Vornamen hebräischer (jüdische), römischer und griechischer Herkunft werden derzeit wieder immer beliebter bei den Eltern. Die Modenamen der 1990er Jahre interessieren keinen mehr, so dass derzeit nur sehr wenige Kinder "Kevin" oder "Jennifer" genannt werden.
Wie eine Studie der TU Chemnitz nun ans Licht brachte, assozieren wir mit dem Namen einer Person nicht nur deren vermutliches Alter, sondern schließen auch auf deren Attraktivität und Intelligenz. Für Kinder, die einem dem momentanen Zeitgeist bzw. Namensgeschmack Namen bekommen, könnten später unter der Schnelllebigkeit dieses Geschmacks leiden, wenn Sie wegen Ihres eigentümlichen Namens gehänselt werden. Akademiker sind übrigens oftmals die Vorreiter bei der Einführung neuer Namensvorlieben. Taucht ein Name innerhalb dieser Gruppe öfters auf, ist damit zu rechnen, dass er später auch in der breiten Bevölkerung häufig zur Wahl wird. Weitere Initialzündungen liefern die bekannten Stars und Sternchen aus Funk, Film und Fernsehen.
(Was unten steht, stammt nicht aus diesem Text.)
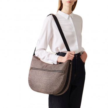 La tracolla è regolabile ed il nastro è interamente logato e passa attorno a tutta la borsa, facendone mantenere così la forma a mezzaluna nonostante la sua morbidezza. l'iconica Luna Bag di Borbonese è una "hobo" Medium della linea Eco Line realizzata in nylon OP riciclato e pelle. La cinghia per tracolla, regolabile, è in nastro di nylon logato con fibbia autobloccante. La chiusura è garantita da una zip con tiralampo a forma di vite stilizzata, simbolo del brand. L'interno, foderato in tessuto jacquard, ha tre tasche di cui una con cerniera lampo. Le metallerie sono in galvanica oro chiaro.

In Österreich war über mehrere Jahre der Senkrechtstarter der Mädchenname "Leonie". Zu Beginn unbekannt, avancierte er im Jahr 2005 zum Spitzenreiter. Nachdem im Jahr 2001 der Film "die wundersame Welt der Amelie" in die Kinos gekommen war, wurde der bis dato in Österreich völlig unbekannte Name in der Folge fast 150 vergeben.
Klassische deutsche Namen, wie auch Horst, Uta, Hermann oder Adolf, werden -- oftmals unbegründeter Weise -- von den Eltern weiterhin geschmäht. Namen, die während der Zeit des zweiten Weltkriegs sehr beliebt waren, finden heute kaum noch Abnehmer. 1938 erhielt fast die Hälfte aller Neugeborenen nordische oder germanische Vornamen. Mit Ende des Kriegs brach dieses Interesse jedoch sehr schnell in sich zusammen.